[TASK REQUIREMENTS]
Copy out the entries that follow. Leave none out.

# # # # # # #

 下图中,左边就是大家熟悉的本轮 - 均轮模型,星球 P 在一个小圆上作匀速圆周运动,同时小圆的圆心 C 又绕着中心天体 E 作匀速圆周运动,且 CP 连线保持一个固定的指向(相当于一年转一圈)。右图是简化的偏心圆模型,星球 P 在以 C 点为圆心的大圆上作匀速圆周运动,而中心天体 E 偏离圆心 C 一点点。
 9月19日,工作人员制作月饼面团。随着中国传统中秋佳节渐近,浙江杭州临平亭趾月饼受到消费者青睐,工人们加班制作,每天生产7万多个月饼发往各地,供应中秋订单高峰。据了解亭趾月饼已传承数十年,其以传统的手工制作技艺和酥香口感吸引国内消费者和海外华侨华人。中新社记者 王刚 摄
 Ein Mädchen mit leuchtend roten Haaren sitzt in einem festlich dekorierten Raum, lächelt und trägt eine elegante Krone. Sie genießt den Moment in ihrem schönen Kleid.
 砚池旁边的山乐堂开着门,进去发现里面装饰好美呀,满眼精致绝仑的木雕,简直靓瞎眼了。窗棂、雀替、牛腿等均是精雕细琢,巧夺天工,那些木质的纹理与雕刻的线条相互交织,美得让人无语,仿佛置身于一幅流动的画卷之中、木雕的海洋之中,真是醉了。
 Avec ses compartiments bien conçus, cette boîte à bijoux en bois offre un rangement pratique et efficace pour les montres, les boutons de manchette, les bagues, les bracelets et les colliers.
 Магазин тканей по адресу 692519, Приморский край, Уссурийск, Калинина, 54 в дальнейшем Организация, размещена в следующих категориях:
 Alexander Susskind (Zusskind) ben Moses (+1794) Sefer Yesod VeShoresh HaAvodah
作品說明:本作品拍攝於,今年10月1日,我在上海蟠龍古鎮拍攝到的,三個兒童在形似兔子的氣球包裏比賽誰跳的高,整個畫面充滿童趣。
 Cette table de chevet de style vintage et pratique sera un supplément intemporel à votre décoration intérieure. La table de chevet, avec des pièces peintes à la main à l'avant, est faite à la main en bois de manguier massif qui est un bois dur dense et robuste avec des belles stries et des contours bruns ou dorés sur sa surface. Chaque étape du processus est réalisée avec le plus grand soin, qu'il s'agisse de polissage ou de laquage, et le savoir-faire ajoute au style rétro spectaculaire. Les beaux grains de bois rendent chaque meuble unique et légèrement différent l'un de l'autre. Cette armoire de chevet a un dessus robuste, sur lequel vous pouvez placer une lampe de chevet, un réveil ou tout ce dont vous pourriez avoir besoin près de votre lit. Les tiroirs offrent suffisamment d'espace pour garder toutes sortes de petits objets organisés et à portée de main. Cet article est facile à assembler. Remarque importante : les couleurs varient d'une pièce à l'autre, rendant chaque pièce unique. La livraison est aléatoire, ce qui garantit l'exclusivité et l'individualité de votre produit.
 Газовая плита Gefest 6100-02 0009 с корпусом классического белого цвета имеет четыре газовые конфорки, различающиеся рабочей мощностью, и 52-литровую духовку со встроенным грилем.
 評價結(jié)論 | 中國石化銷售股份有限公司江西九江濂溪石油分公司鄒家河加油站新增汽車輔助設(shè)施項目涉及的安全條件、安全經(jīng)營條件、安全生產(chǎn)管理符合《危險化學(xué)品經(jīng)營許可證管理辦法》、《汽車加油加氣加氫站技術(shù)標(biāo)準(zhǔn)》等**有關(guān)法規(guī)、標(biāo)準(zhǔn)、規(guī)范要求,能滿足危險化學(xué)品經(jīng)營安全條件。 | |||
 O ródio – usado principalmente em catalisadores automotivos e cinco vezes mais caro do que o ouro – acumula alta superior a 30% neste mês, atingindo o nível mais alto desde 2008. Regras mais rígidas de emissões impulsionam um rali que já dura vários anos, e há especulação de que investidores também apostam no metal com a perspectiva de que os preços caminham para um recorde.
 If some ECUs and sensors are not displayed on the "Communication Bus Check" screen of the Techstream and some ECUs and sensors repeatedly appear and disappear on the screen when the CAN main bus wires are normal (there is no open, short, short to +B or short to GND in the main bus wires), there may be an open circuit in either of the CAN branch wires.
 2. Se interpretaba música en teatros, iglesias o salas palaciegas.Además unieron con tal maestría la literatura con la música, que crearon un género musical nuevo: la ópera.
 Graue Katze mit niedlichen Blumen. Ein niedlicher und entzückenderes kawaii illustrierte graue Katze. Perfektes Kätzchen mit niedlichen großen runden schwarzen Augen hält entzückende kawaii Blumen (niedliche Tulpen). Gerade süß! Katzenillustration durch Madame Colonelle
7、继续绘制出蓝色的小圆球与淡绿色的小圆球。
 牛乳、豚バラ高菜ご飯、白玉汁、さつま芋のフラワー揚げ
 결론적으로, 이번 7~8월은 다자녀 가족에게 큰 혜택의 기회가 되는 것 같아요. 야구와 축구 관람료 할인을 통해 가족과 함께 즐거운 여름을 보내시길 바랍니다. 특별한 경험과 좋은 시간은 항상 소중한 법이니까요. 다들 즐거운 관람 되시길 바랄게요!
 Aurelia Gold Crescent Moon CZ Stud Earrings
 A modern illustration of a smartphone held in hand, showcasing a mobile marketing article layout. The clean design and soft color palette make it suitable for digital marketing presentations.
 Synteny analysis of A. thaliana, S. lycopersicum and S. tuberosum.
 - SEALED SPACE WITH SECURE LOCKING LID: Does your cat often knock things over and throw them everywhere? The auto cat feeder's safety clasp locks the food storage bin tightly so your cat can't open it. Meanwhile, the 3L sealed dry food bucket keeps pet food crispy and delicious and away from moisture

# # # # # # #

[THE ANSWER]
 下图中,左边就是大家熟悉的本轮 - 均轮模型,星球 P 在一个小圆上作匀速圆周运动,同时小圆的圆心 C 又绕着中心天体 E 作匀速圆周运动,且 CP 连线保持一个固定的指向(相当于一年转一圈)。右图是简化的偏心圆模型,星球 P 在以 C 点为圆心的大圆上作匀速圆周运动,而中心天体 E 偏离圆心 C 一点点。
 9月19日,工作人员制作月饼面团。随着中国传统中秋佳节渐近,浙江杭州临平亭趾月饼受到消费者青睐,工人们加班制作,每天生产7万多个月饼发往各地,供应中秋订单高峰。据了解亭趾月饼已传承数十年,其以传统的手工制作技艺和酥香口感吸引国内消费者和海外华侨华人。中新社记者 王刚 摄
 Ein Mädchen mit leuchtend roten Haaren sitzt in einem festlich dekorierten Raum, lächelt und trägt eine elegante Krone. Sie genießt den Moment in ihrem schönen Kleid.
 砚池旁边的山乐堂开着门,进去发现里面装饰好美呀,满眼精致绝仑的木雕,简直靓瞎眼了。窗棂、雀替、牛腿等均是精雕细琢,巧夺天工,那些木质的纹理与雕刻的线条相互交织,美得让人无语,仿佛置身于一幅流动的画卷之中、木雕的海洋之中,真是醉了。
 Avec ses compartiments bien conçus, cette boîte à bijoux en bois offre un rangement pratique et efficace pour les montres, les boutons de manchette, les bagues, les bracelets et les colliers.
 Магазин тканей по адресу 692519, Приморский край, Уссурийск, Калинина, 54 в дальнейшем Организация, размещена в следующих категориях:
 Alexander Susskind (Zusskind) ben Moses (+1794) Sefer Yesod VeShoresh HaAvodah
作品說明:本作品拍攝於,今年10月1日,我在上海蟠龍古鎮拍攝到的,三個兒童在形似兔子的氣球包裏比賽誰跳的高,整個畫面充滿童趣。
 Cette table de chevet de style vintage et pratique sera un supplément intemporel à votre décoration intérieure. La table de chevet, avec des pièces peintes à la main à l'avant, est faite à la main en bois de manguier massif qui est un bois dur dense et robuste avec des belles stries et des contours bruns ou dorés sur sa surface. Chaque étape du processus est réalisée avec le plus grand soin, qu'il s'agisse de polissage ou de laquage, et le savoir-faire ajoute au style rétro spectaculaire. Les beaux grains de bois rendent chaque meuble unique et légèrement différent l'un de l'autre. Cette armoire de chevet a un dessus robuste, sur lequel vous pouvez placer une lampe de chevet, un réveil ou tout ce dont vous pourriez avoir besoin près de votre lit. Les tiroirs offrent suffisamment d'espace pour garder toutes sortes de petits objets organisés et à portée de main. Cet article est facile à assembler. Remarque importante : les couleurs varient d'une pièce à l'autre, rendant chaque pièce unique. La livraison est aléatoire, ce qui garantit l'exclusivité et l'individualité de votre produit.
 Газовая плита Gefest 6100-02 0009 с корпусом классического белого цвета имеет четыре газовые конфорки, различающиеся рабочей мощностью, и 52-литровую духовку со встроенным грилем.
 評價結(jié)論 | 中國石化銷售股份有限公司江西九江濂溪石油分公司鄒家河加油站新增汽車輔助設(shè)施項目涉及的安全條件、安全經(jīng)營條件、安全生產(chǎn)管理符合《危險化學(xué)品經(jīng)營許可證管理辦法》、《汽車加油加氣加氫站技術(shù)標(biāo)準(zhǔn)》等**有關(guān)法規(guī)、標(biāo)準(zhǔn)、規(guī)范要求,能滿足危險化學(xué)品經(jīng)營安全條件。 | |||
 O ródio – usado principalmente em catalisadores automotivos e cinco vezes mais caro do que o ouro – acumula alta superior a 30% neste mês, atingindo o nível mais alto desde 2008. Regras mais rígidas de emissões impulsionam um rali que já dura vários anos, e há especulação de que investidores também apostam no metal com a perspectiva de que os preços caminham para um recorde.
 If some ECUs and sensors are not displayed on the "Communication Bus Check" screen of the Techstream and some ECUs and sensors repeatedly appear and disappear on the screen when the CAN main bus wires are normal (there is no open, short, short to +B or short to GND in the main bus wires), there may be an open circuit in either of the CAN branch wires.
 2. Se interpretaba música en teatros, iglesias o salas palaciegas.Además unieron con tal maestría la literatura con la música, que crearon un género musical nuevo: la ópera.
 Graue Katze mit niedlichen Blumen. Ein niedlicher und entzückenderes kawaii illustrierte graue Katze. Perfektes Kätzchen mit niedlichen großen runden schwarzen Augen hält entzückende kawaii Blumen (niedliche Tulpen). Gerade süß! Katzenillustration durch Madame Colonelle
7、继续绘制出蓝色的小圆球与淡绿色的小圆球。
 牛乳、豚バラ高菜ご飯、白玉汁、さつま芋のフラワー揚げ
 결론적으로, 이번 7~8월은 다자녀 가족에게 큰 혜택의 기회가 되는 것 같아요. 야구와 축구 관람료 할인을 통해 가족과 함께 즐거운 여름을 보내시길 바랍니다. 특별한 경험과 좋은 시간은 항상 소중한 법이니까요. 다들 즐거운 관람 되시길 바랄게요!
 Aurelia Gold Crescent Moon CZ Stud Earrings
 A modern illustration of a smartphone held in hand, showcasing a mobile marketing article layout. The clean design and soft color palette make it suitable for digital marketing presentations.
 Synteny analysis of A. thaliana, S. lycopersicum and S. tuberosum.
 - SEALED SPACE WITH SECURE LOCKING LID: Does your cat often knock things over and throw them everywhere? The auto cat feeder's safety clasp locks the food storage bin tightly so your cat can't open it. Meanwhile, the 3L sealed dry food bucket keeps pet food crispy and delicious and away from moisture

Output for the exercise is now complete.